**Task**
Where the line containing "胖妹妹显瘦垂感休闲裤 格雷系黑灰撞色阔腿慵懒风格 大码 女秋季 子裤" appears below, begin there and reproduce each line exactly through the last one, omitting pictures.

Dataset items:
● ● ● ●

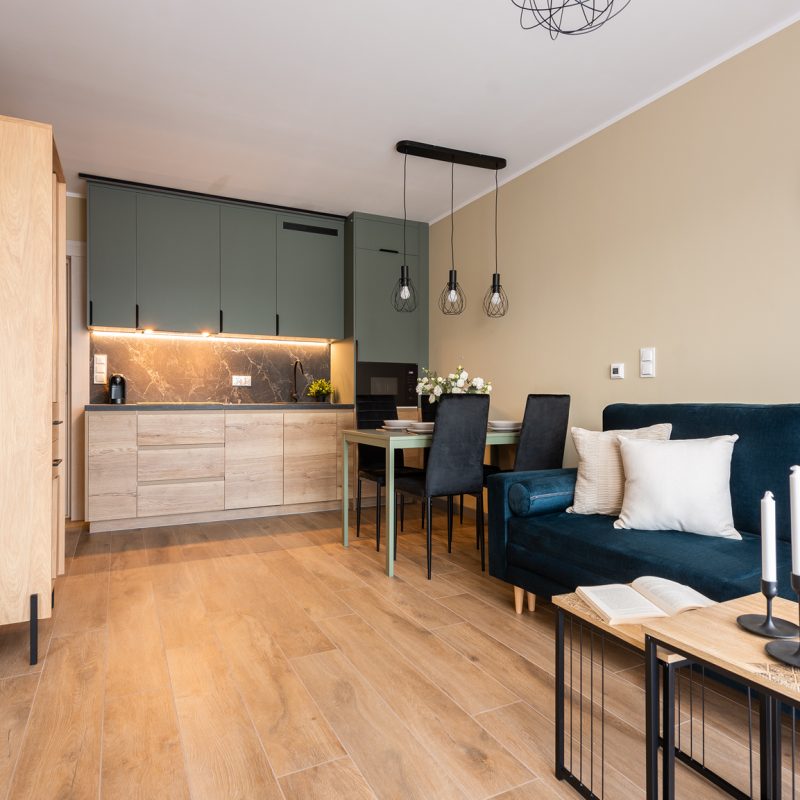 Bright and elegant apartment in a modern building. A free private outdoor parking space is available on the premises. Additionally, the property features a children's playground, a bike storage room, a multi-purpose sports field, an outdoor gym, and barbecue shelters. The excellent location right next to the forest provides direct access to the path leading to the beach, making it an ideal spot for nature lovers and those who enjoy active outdoor recreation.
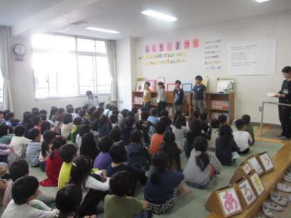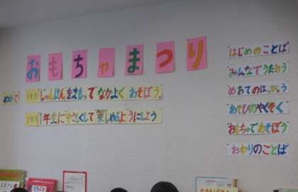 6年生は修学旅行中の学校では、2年生が1年生にたのしんでもらうために、おもちゃのお店屋さんを準備して「おもちゃまつり」が行われました。
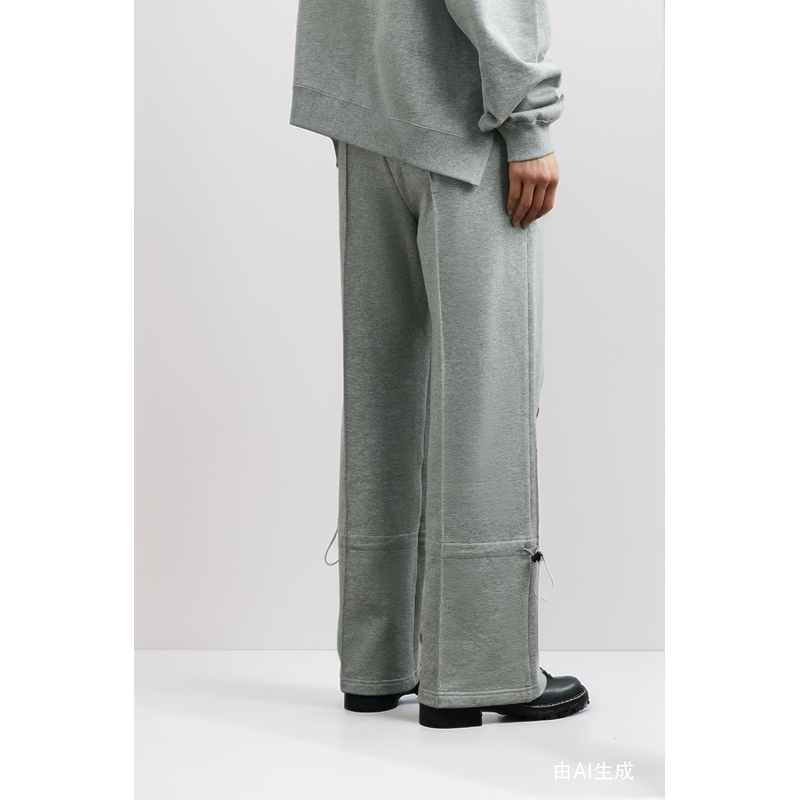 胖妹妹显瘦垂感休闲裤 格雷系黑灰撞色阔腿慵懒风格 大码 女秋季 子裤
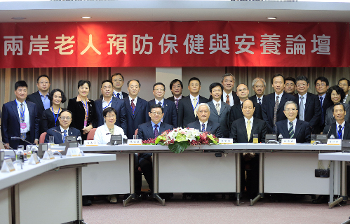 “兩岸老人預(yù)防保健與安養(yǎng)論壇”1日在臺(tái)灣桃園長(zhǎng)庚大學(xué)舉行。圖為大陸海協(xié)會(huì)會(huì)長(zhǎng)陳德銘與嘉賓合影
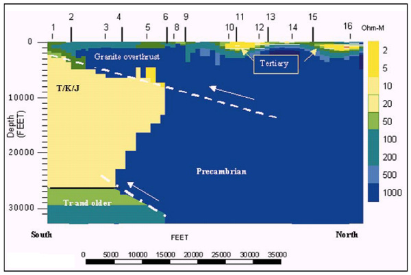 Figure 11 – An inversion of 15 MT stations acquired along a north-trending profile in southern Wyoming. Precambrian granite was thrust from north to south in this MT resistivity section.
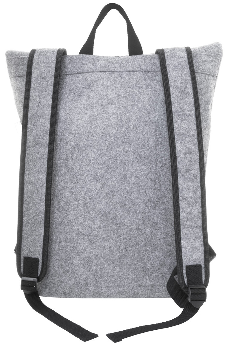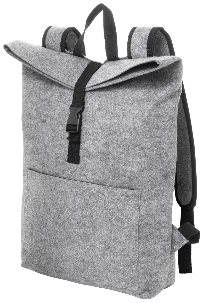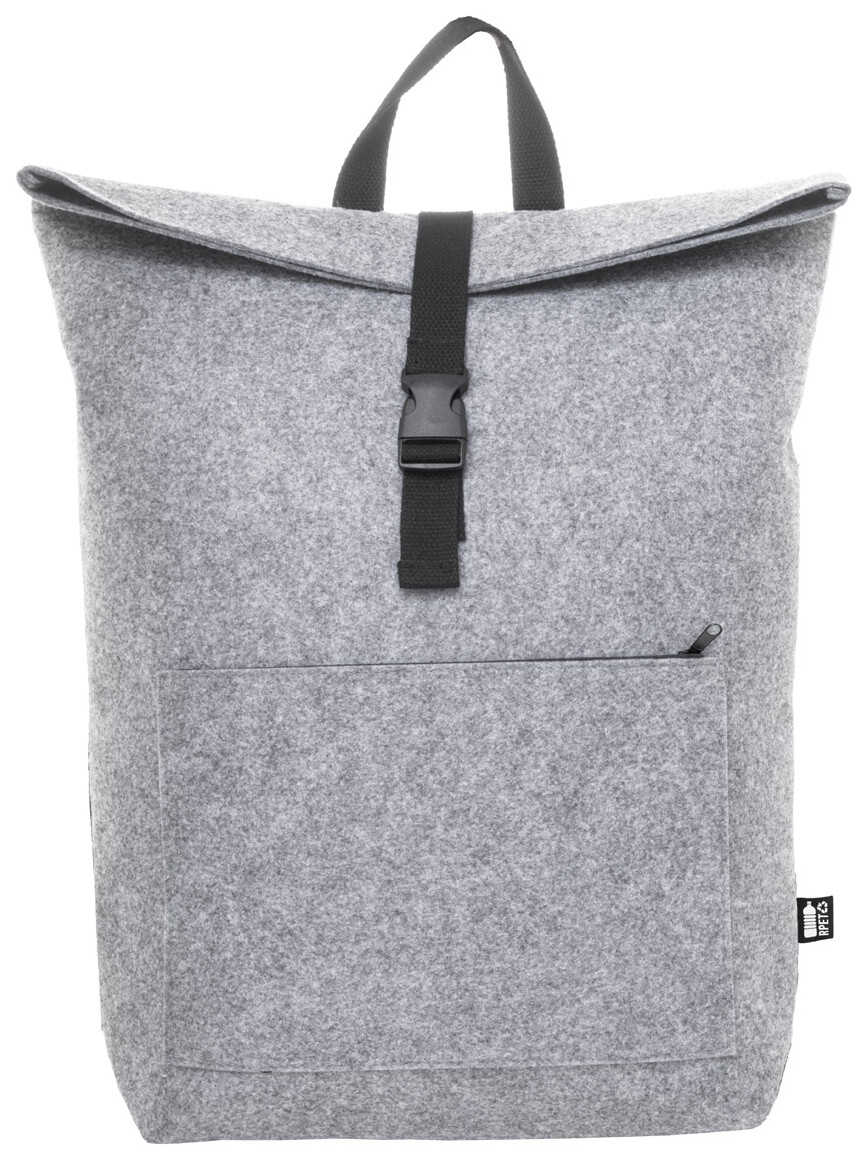 Batoh na rolování z plsti RPET s hlavní přihrádkou na přezku a přední kapsou na zip, přihrádkou na notebook (15") a polstrovanými ramenními popruhy. S výrazným štítkem RPET.

● ● ● ●

**Worked solution**
 胖妹妹显瘦垂感休闲裤 格雷系黑灰撞色阔腿慵懒风格 大码 女秋季 子裤
 “兩岸老人預(yù)防保健與安養(yǎng)論壇”1日在臺(tái)灣桃園長(zhǎng)庚大學(xué)舉行。圖為大陸海協(xié)會(huì)會(huì)長(zhǎng)陳德銘與嘉賓合影
 Figure 11 – An inversion of 15 MT stations acquired along a north-trending profile in southern Wyoming. Precambrian granite was thrust from north to south in this MT resistivity section.
 Batoh na rolování z plsti RPET s hlavní přihrádkou na přezku a přední kapsou na zip, přihrádkou na notebook (15") a polstrovanými ramenními popruhy. S výrazným štítkem RPET.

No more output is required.